Ministers are confident that the initiative has the potential to improve satisfaction ratings throughout the NHS, not to mention alleviating the pressure being placed on social care budgets. NHS head Simon Stevens backs the proposals, as does the country’s health secretary Jeremy Hunt. It could be in place as early as the end of 2018 when the government outlines its changes to the nation’s health and social care system.

Minister for care Caroline Dinenage noted: “These changes will put the power back into the hands of patients and their families, potentially allowing up to 350,000 extra people to take up a personal health budget if they so wish. This would not only improve quality of life and the care they receive, it will offer good value for money for the taxpayer and reduce pressure on emergency care by joining up health and social care services at a local level.”

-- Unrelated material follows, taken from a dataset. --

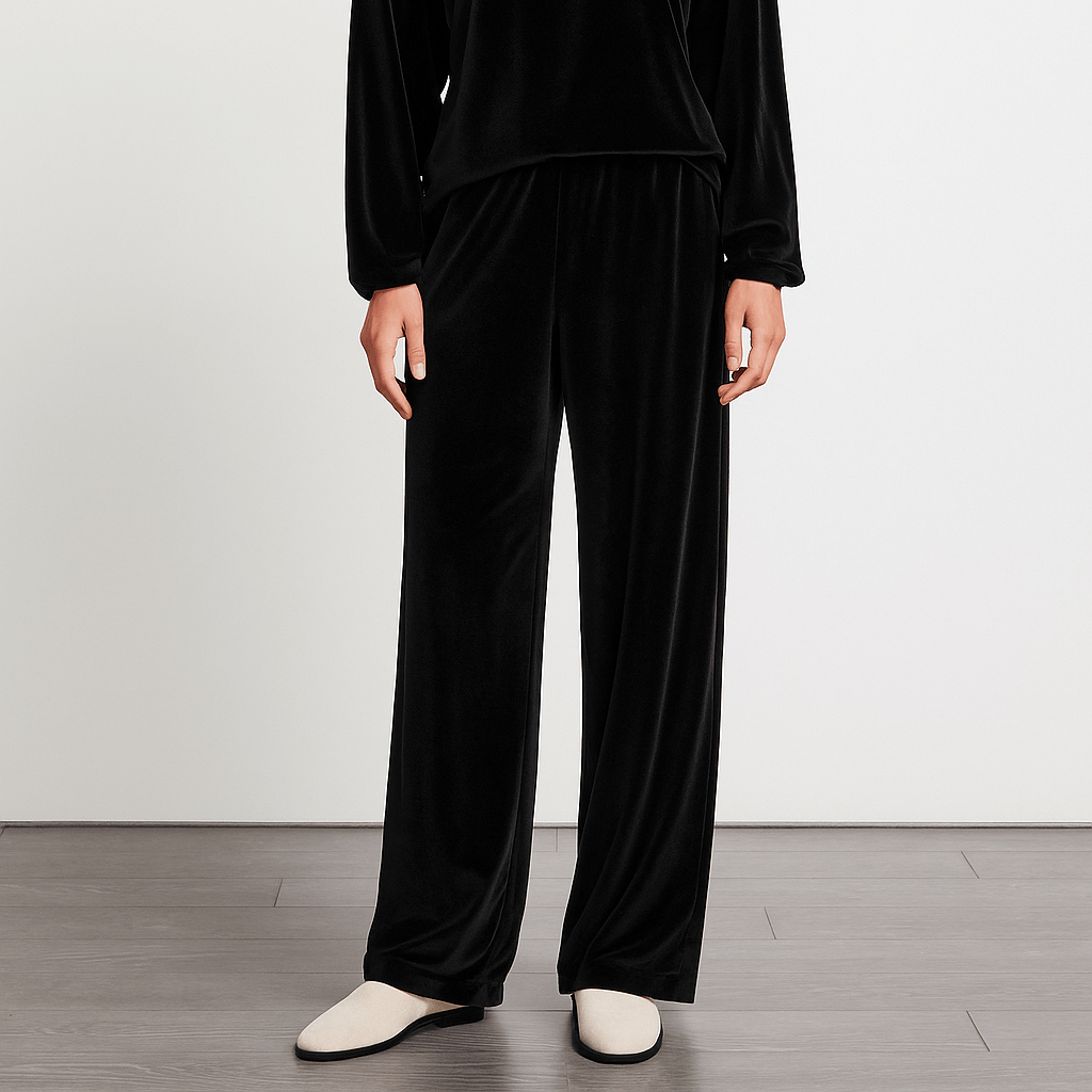 شلوار راسته مخمل کمرکش مشکی سایز 32 تا 62 قد 100cm

New technology coming to the NHS

The pressure being felt on the NHS could be eased further with the introduction of new technology.

For instance, NHS England is reportedly fast-tracking the launch of four new pieces of technology which the organisation’s chief executive Simon Stevens has claimed “will improve patient safety and potentially reduce the need for invasive and expensive tests”.

The four pieces of technology which could soon be seen across NHS facilities in the months to come are as follows:

  1. Endocuff Vision — This is a new type of ‘bowel scope’ which aims to improve the colorectal examination of patients who need to undergo bowel cancer tests.
  2. HeartFlow — This is a new form of advanced image analysis software. When used, a 3D model of the coronary arteries is created. This model can then be used to analyse the impact that blockages can have on blood flow, allowing suspected coronary artery disease to be quickly diagnosed among patients.
  3. Plus Sutures — This is a new type of surgical suture known as stitching. By using antimicrobial suture packs, the rate of surgery-linked infections like MRSA can be reduced.
  4. SecurAcarth — This device works to secure catheters, so to reduce the risk of infection among patients who have a peripherally inserted central catheter. It is also claimed that the device will cut the time taken to treat and care for dressing changes.

Meanwhile in the North East of England, a number of academic and healthcare institutions have agreed to pool their resources as they aim to create their own advancements in the medical diagnostics field.

Deemed Diagnostics North East, the collaboration involves the Academic Health Science Network for the North East and North Cumbria, the Newcastle upon Tyne Hospitals NHS Foundation Trust and Newcastle University. During the partnership, the institutes will look to develop new diagnostic tests and devices and aim to introduce them to patients in a more rapid manner.

Michael Wright, Newcastle Hospitals’ deputy medical director, commented: “Our strong collaboration, allied to first class clinical facilities and a strong culture of clinical research, is ideally placed to accelerate the pathway from innovation through to patient benefit.”

Time will tell whether schemes such as those detailed above will help to reduce the pressure that the NHS has been subjected to recently.